- [WHAT IS BEING ASKED]: Your answer should be one number: how many lines of the records hold the string "travel".

- [EXERCISE INPUT]:
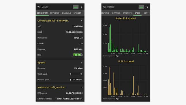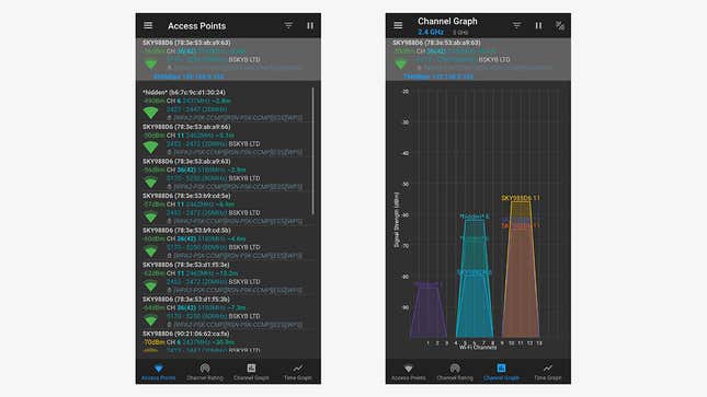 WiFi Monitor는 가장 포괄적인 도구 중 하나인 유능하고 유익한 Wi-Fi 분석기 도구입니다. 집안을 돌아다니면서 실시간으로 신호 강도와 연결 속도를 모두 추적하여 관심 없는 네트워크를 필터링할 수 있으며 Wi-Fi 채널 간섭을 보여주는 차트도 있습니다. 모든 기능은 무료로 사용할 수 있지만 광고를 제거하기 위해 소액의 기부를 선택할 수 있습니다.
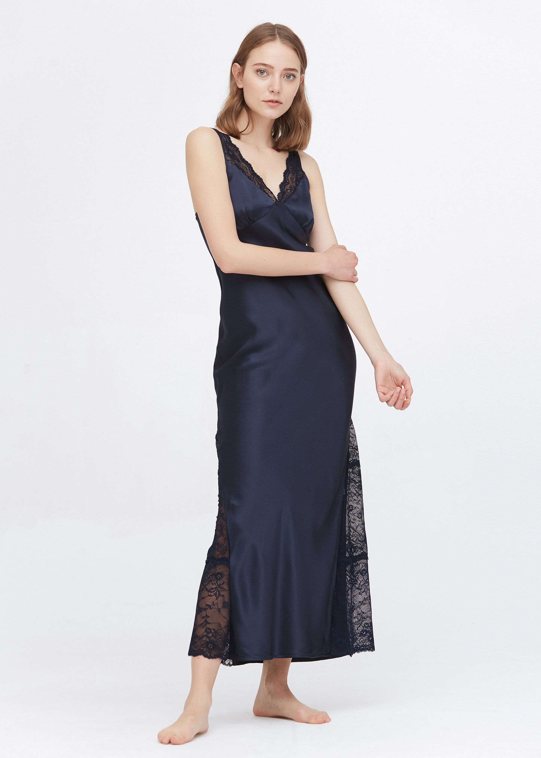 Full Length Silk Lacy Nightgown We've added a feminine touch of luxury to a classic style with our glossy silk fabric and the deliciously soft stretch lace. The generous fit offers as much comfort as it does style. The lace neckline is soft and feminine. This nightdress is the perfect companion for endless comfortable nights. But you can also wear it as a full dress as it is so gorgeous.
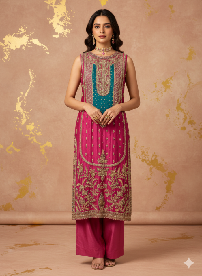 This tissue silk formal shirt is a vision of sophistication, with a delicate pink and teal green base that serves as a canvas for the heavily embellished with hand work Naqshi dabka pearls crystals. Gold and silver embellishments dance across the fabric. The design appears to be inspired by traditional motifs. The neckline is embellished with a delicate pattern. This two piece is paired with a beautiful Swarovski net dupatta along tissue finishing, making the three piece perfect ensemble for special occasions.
...
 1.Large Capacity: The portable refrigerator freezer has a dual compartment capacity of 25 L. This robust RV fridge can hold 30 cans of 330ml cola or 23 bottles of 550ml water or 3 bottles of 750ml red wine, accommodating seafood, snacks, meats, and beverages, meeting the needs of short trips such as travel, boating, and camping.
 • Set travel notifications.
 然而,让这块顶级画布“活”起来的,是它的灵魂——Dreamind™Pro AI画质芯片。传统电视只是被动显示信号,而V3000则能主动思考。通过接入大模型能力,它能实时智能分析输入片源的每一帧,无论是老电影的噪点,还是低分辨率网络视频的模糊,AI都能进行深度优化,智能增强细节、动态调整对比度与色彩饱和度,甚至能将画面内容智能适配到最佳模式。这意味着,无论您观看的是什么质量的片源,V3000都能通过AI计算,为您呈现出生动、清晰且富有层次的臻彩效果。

- [SOLUTION BELOW]: 2